Constraining LLM Outputs

LLMs are by definition probabilistic; for each new input, they sample from a new distribution. Even the best prompt or finetuning will minimize (but not fully resolve) the chance that they give you output you don't expect. This is unlike a traditional application API, where the surface area is known and the fields have a guaranteed structure.

To use LLMs in any kind of downstream pipeline, you need to get them closer to this API world. You need to be able to enforce a standard API contract of the data you want. Requesting JSON output is the common way to do this - but even with the best prompts, often at least 5-10% of outputs are subtly invalid (missing commas, extra quotes, etc). Constrained generation is a way to constrain your model to only produce valid JSON.

Technically - you can force any model to give you valid JSON. But the quality of this JSON will vary depending on model and configuration. Let's look into whether finetuning a model to produce JSON is preferable to forcing JSON on a non-finetuned model.

Constrained Generation

You can force any transformer to generate a standards compliant schema. Since most generative models are auto-regressive, the output of one step becomes the input to the next step. Schema generation works by postprocessing these output logits to require tokens that we know must exist in that location.

JSON Schemas are a great format to specify this structure. Their spec gives you wide latitude in specifying expected constraints (length, enum values, nested objects). These allowable values then become your probability/logit masks.

Consider this JSON schema pseudocode:

{
    age: 1-150,
    emotion: "happy" | "pensive" | "busy",
    bio: "[freetext]"
}

At timestep 0, the model should only output { to conform to the schema. After this, it should only output age:. After that, it can produce any number so long as it's between 1 and 150. So on and so-forth, we can build up a JSON payload that is guaranteed to be valid.

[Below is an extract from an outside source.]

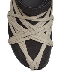 RICK OWENS FW25 CONCORDIANS MULE GRANOLAS IN BLACK CRACKED CALF LEATHER THESE MEGALACE MULE GRANOLAS ARE SLIP ON WITH A COVERED FOOT UP TO THE BRIDGE, AND AN OPEN BACK WITH ADJUSTABLE STRAP. THEY HAVE A GRANOLA SCULPTED FOOTBED, A SHARK-TOOTHED SOLE AND FEATURE THE SIGNATURE MEGA-LACING DETAIL IN A PENTAGRAM SHAPE COVERING THE FRONT THIS MEDIUMWEIGHT CALF LEATHER IS VEG TANNED WITH A CRACKED GRAIN TEXTURE AND A NATURAL WAXY HANDFEEL VEG TANNING MEANS ONLY VEGETAL AND NATURAL TANNINS WERE USED IN THE PROCESS OF TANNING AND PRESERVING THIS LEATHER THIS LEATHER IS MADE BY A THIRD GENERATION FAMILY OWNED TANNERY IN THE SOUTH OF ITALY COLOR: BLACK MATERIAL: UPPER 100% CALF LEATHER LINING 100% CALF LEATHER PLANTAR FACING 100% CALF LEATHER SOLE 100% COW LEATHER SOLE DETAIL 100% RUBBER

There are a few different approaches to actually implement this behavior:

Build a state machine that validates a context-free grammar, where the logits become the allowable transitions from state to state (seen in outlines)
Build up the payload key-by-key, giving each key particular validation and stopping criteria (seen in jsonformer)

Either way, you end up with a compliant JSON representation. But this still leaves which model architectures and prompts you should use in this generation.

The Experiment

I used web_nlg.v2.1 as the original dataset. Each datapoint is a collection of RDF triplets and a human authored summary that combines these triplets into natural language. A sample:

{
    "category": "Airport",
    "mtriple_set": {
        "mtriple_set": [ [ "Aarhus_Airport | location | Tirstrup" ] ]
    },
    "lex": {
        "lid": [ "Id1", "Id2" ],
        "text": [ "Aarhus Airport is located in Tirstrup.", "The location of Aarhus Airport is Tirstrup." ]
    }
}

{
    "category": "Artist",
    "mtriple_set": {
        "mtriple_set": [ [ "Paraguay | language | Spanish_language" ] ]
    },
    "lex": {
        "lid": [ "Id1", "Id2" ],
        "text": [ "The language is Paraguay is Spanish.", "Paraguay is where the Spanish language is spoken." ]
    }
}

The original task definition was to convert a sequence of RDF triplets to text, but we can flip that here to generate RDF JSON triplets from the text itself. Its structure has the benefit of guaranteeing somewhat unique JSON payloads. Since the RDF triplets have different relationships and subject types, we can ensure that not every JSON output is going to be the same key/value pairs.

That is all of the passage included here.